Barracks at St. Andrews Estate

On the way back my nephew Anil was at his new “office” near the junction by Low’s shop, some of the bars further up the road being closed. There was no lunch available anywhere between Icacos and Low’s but we found something left over at the roadside cafe opposite the Catholic Church. I had chicken with fries, but I swear that the wing I got belonged to a Pterodactyl. They were playing soca music and it did not take long for Allison and Claire to show their "Tiny Winey" moves. I ran, as opposed to sprinted, up the slope to the steps of the Church to find that it was also dedicated to St. Joseph. 


Waiting for their supper




We stopped off at Anil’s home to dine. My brother, who I have not seen in more than a year looked like one of the protesting Indian farmers, just home from tending his cattle, just the two he now has remaining. 
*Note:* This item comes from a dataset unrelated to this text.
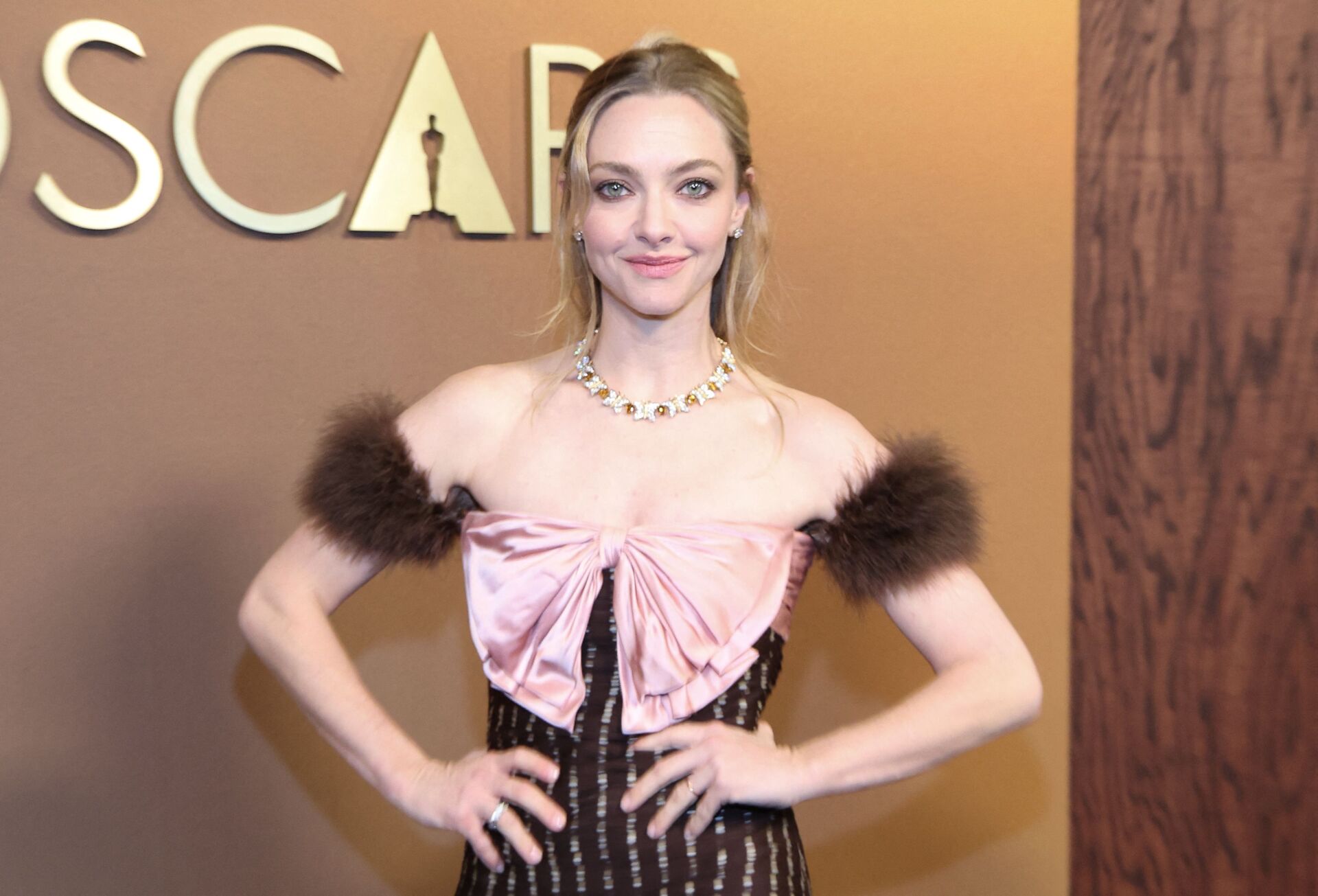 Numa paleta mais suave, Dakota Johnson escolheu um Valentino verde água, enquanto Amanda Seyfried apostou na ousadia controlada de um modelo com padrão às bolas castanho e branco, adornado com um laço rosa frontal e mangas com pelo?
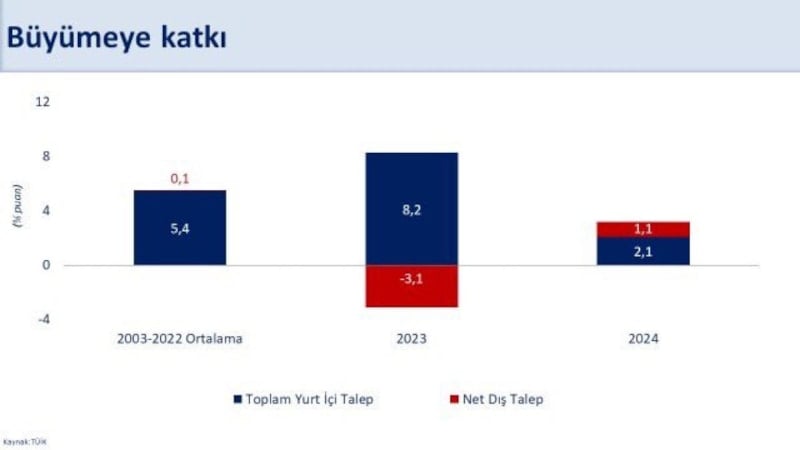 2024 yılında iç talebin 2,1 puan, net dış talebin 1,1 puan katkısıyla yüzde 3,2 büyüdük.

We talked villages on the way to  the T-Junction, driving straight on at the Puerto Grande junction where we should have turned left. Our straight road tactic got the better of us and thinking we were on the way to Erin, we encountered some bad roads, got stuck a little in the mud and turned back. If your wheel keeps spinning in mud, the person you need to give you a push is definitely Allison. There was an upside. We met a friendly family of two adult women and four children who had been to the coastline. I also swear that the younger adult spoke with a foreign accent.


Bad roads... no place to go

We drove through the village of Buenos Ayres and surfaced at the Erin fishing port where the tide was high and we got a clearer view of the Venezuelan coastline. It is enough to say that Claire spotted custard apple.


The Los Iros beach facility was closed, a police car in attendance, but no officers in sight. We made a stop at the mud oven shop in Rancho Quemado. The baker told me she is the niece for the former Councillor Sheila Lamorelle and she has a young baker in training. 



From there on it was mainly the drive back through the built-up and busy towns of Siparia and Penal with the obligatory stop at the doubles stall in Debe. I promise that the mention of doubles is not linked to the Minister of Agriculture.



Of course we had to venture into a no entry near the highway at Debe but we escaped unscathed.

It was already night when Claire pulled up again in front of the shrine of St. Joseph. I had refused the doubles at the stall in Debe, but when the girls decided to eat theirs while they were still hot… well Clarence Rambharat won’t get away with that the next time... finery or no finery.


2 comments:

  1. Marvelous. The story of another adventure with two companions, I could ask for no better. Zorina and Claire thesaurus, information guides on flora and fauna and verbal authors of people and places. Me with meh coonomoonuh self will stay quiet and listen and only make noise for bathroom stops and food. I enjoy their company to the max and even more the stories and pictures which follow. Looking forward to north east coast next.